Detective Mike Bennett gets put on the case, an Irish American with an extremely unique family (ten kids, two Black, two Hispanic, one Asian and the rest Caucasian, and all of them are adopted).  

Detective Bennett gets pulled from his family vacation to pursue the killer, a man who is copying the crimes of all the great NYC serial killers. Detective Bennett is working non-stop trying to predict the kill as he works down his list of people he intends to kill. It’s a race against time to save lives and if he fails he has more at stake than the lives of strangers because little does he know his name is the last one on that list.

 Patterson has an amazing writing style. He hooks readers from the very first sentence and keeps them drooling for more until the last. This urgency for more keeps the audience on their toes, making this page-turner a good one.

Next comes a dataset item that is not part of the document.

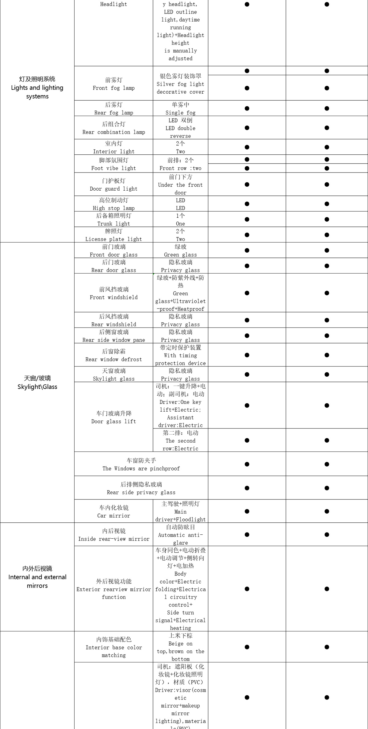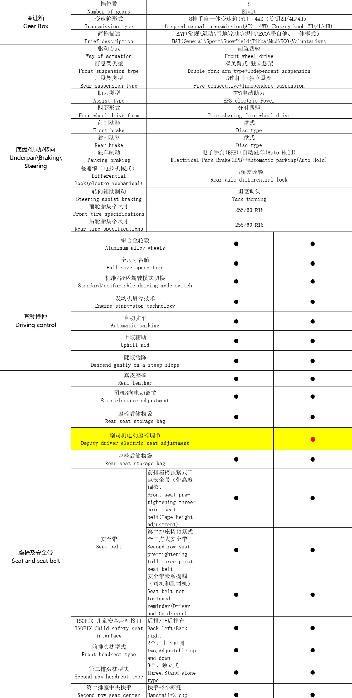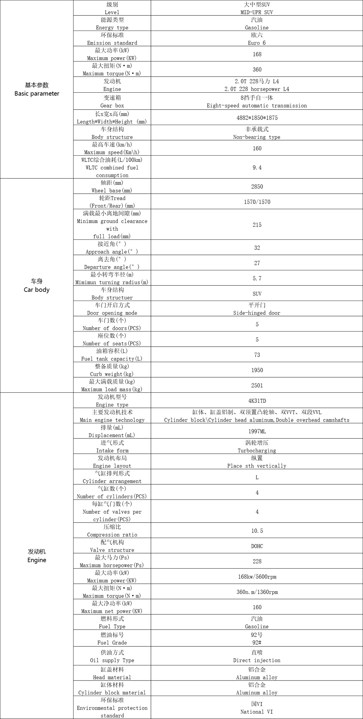 The Paladin is equipped with an automatic transmission (AT), with a maximum power of 168KW and a maximum torque of 360N.m. In terms of features, the Paladin is equipped with driving mode selection, remote key, Bluetooth key, rear wiper, ambient lighting, engine start-stop system, and other features.

His sensory details make it hard to decipher the book from the images the readers see in their heads. However, if the reader is not good with violence, this is not a good book because his imagery makes it very easy for the reader to imagine the scenes.

Patterson’s one downfall would be that it is a little drawn-out. He seems to be trying to fill more and more space and drawing out the dramatic ending. However, Patterson saves himself from the losing the reader as he gets in enough details that the reader holds on to see the ending.

Another great part of this is that Patterson leaves the ending as the classic cliffhanger, enough to close this story, but he also leaves enough open for the next book in the series.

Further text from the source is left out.